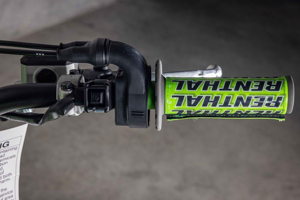 All KX™450 motorcycle advanced controls are streamlined for rider convenience. Kawasaki TRaction Control (KTRC), Power Mode Selection, and Launch Control Mode are available at the push of a button. These features enable riders to quickly adjust power delivery and traction for riding conditions and preference. The KX450 offers superior features designed to inspire confidence.
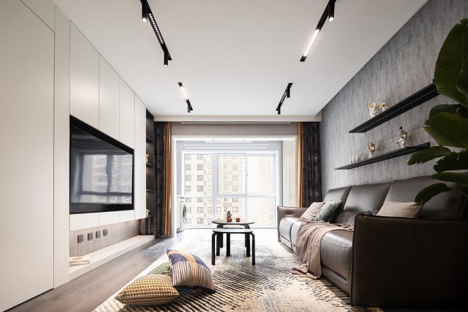 客厅以沉稳的黑白灰为基调,增加空间质感和通透感,降低原本狭长空间带来的局促感。
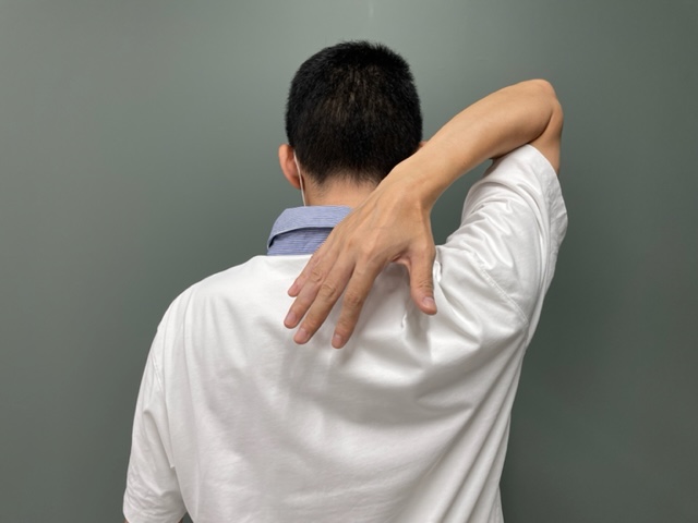 ①まずはどちらかの腕を写真のように頭の後ろに回します。
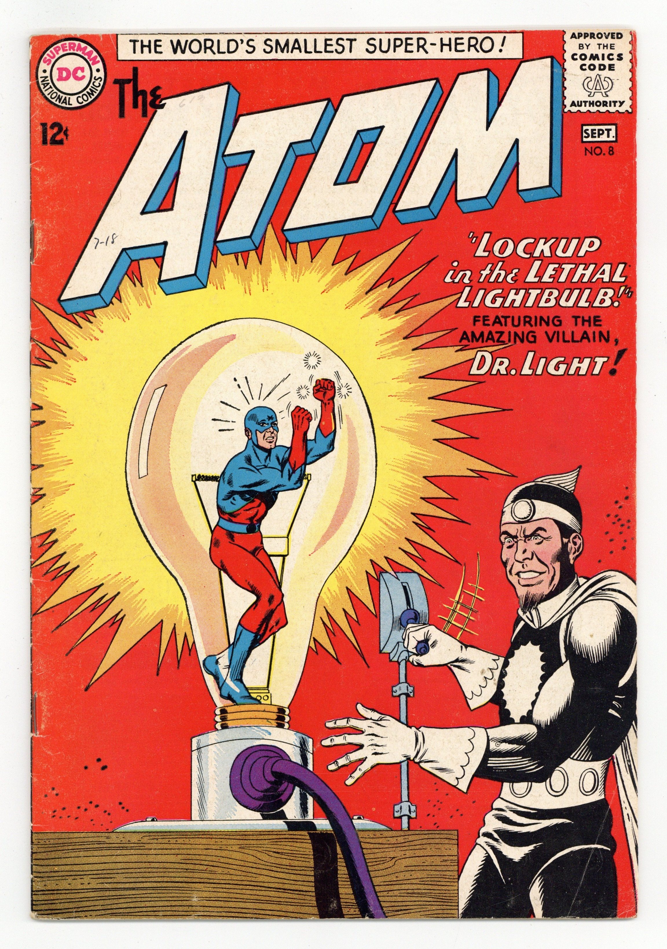 Cover pencils by Gil Kane, inks by Murphy Anderson. Brief appearance of the Justice League of America in "Lockup in the Lethal Lightbulb!", script by Gardner Fox, pencils by Gil Kane, inks by Murphy Anderson; Doctor Light sets a trap for the Atom in another dimension to test a new means to destroy the Justice League. Celebrate the Silver Anniversary of Superman! ad. Batman and Robin ad. Superman's Girl Friand Lois Lane. "The Purloined Miniatures," script by Gardner Fox, pencils by Gil Kane, inks by Sid Greene; Jean Loring loses her first case when she defends a man accused in a museum theft, and it's up to the Atom to prove the man was framed. Letter to the editor from E. Nelson Bridwell and Jack Harris. 36 pgs., full color. $0.12. Cover price $0.12.

════════

▸ **WHAT TO WORK ON**: With the pictures omitted, reproduce the data above exactly.

▸ **SOLUTION FOR THIS TASK**:
 All KX™450 motorcycle advanced controls are streamlined for rider convenience. Kawasaki TRaction Control (KTRC), Power Mode Selection, and Launch Control Mode are available at the push of a button. These features enable riders to quickly adjust power delivery and traction for riding conditions and preference. The KX450 offers superior features designed to inspire confidence.
 客厅以沉稳的黑白灰为基调,增加空间质感和通透感,降低原本狭长空间带来的局促感。
 ①まずはどちらかの腕を写真のように頭の後ろに回します。
 Cover pencils by Gil Kane, inks by Murphy Anderson. Brief appearance of the Justice League of America in "Lockup in the Lethal Lightbulb!", script by Gardner Fox, pencils by Gil Kane, inks by Murphy Anderson; Doctor Light sets a trap for the Atom in another dimension to test a new means to destroy the Justice League. Celebrate the Silver Anniversary of Superman! ad. Batman and Robin ad. Superman's Girl Friand Lois Lane. "The Purloined Miniatures," script by Gardner Fox, pencils by Gil Kane, inks by Sid Greene; Jean Loring loses her first case when she defends a man accused in a museum theft, and it's up to the Atom to prove the man was framed. Letter to the editor from E. Nelson Bridwell and Jack Harris. 36 pgs., full color. $0.12. Cover price $0.12.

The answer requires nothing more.